-
India’s FMCG sector is facing a sharp packaging cost shock as the West Asia conflict pushes up crude-linked inputs, freight, and currency pressure. NewsBytes reports packaging costs are up 15%–20%, while some raw materials have risen by nearly 50%. One striking example: the landed cost of PET resin reportedly climbed to ₹133.50 on April 8 from ₹90 earlier.
The bigger signal is that this is not a narrow packaging issue. It is a supply-chain transmission problem. Higher crude prices are flowing into plastics, glass, logistics, and packaging materials at the same time, which means margin pressure is affecting FMCG companies across multiple cost lines simultaneously. Similar reporting from Times of India and Economic Times had already shown FMCG firms weighing price hikes and grammage cuts as packaging costs rose by 15%–20% on higher crude prices.
The pain appears sharpest for smaller players. NewsBytes says MSMEs are struggling with working capital as raw-material costs surge, while packaging supply itself has tightened into longer lead times and allocation-driven supply. Industry bodies have reportedly asked the government for relief measures such as faster input-tax-credit releases and removal of some anti-dumping duties to give companies more sourcing flexibility.
There is also a production-side constraint behind the cost pressure. NewsBytes says reduced availability of commercial LPG has affected glass-bottle production, with Hindusthan National Glass & Industries reporting up to 50% cuts in commercial LPG supplies across six plants and capacity utilization falling to 40%–60%. Reuters separately reported that beverage companies operating in India had urged tariff relief on imported bottles and cans because local packaging supply was tightening amid the conflict.

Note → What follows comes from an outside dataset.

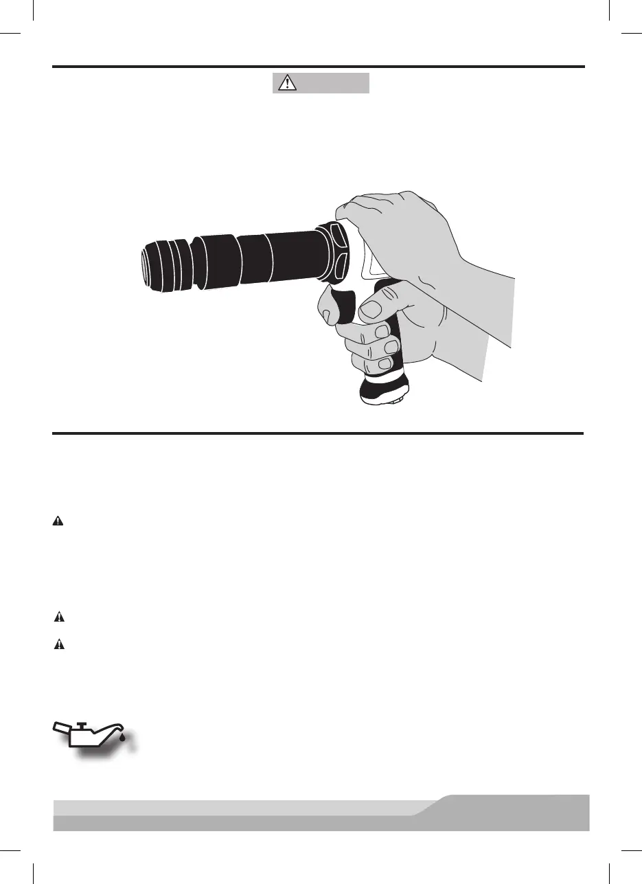 ADVARSEL: For mye olje i verktøyet slippes ut med en gang fra eksosåpningen. Husk alltid å rette eksosåp-

What makes this strategically important is that packaging is no longer behaving like a back-end procurement line item. It is becoming a frontline constraint on pricing, availability, and category economics. In volatile conditions, the companies that hold up best may not be the ones with the broadest portfolios, but the ones that can secure inputs faster, redesign pack architecture intelligently, and protect working capital while supply stays uneven. That final sentence is an inference from the reported cost, supply, and margin pressures.
Why it matters:
When crude shocks impacts, FMCG inflation often reaches consumers through packaging before it shows up anywhere else. The next competitive edge may lie in how quickly brands can turn packaging stress into smarter pricing, sourcing, and pack-size decisions.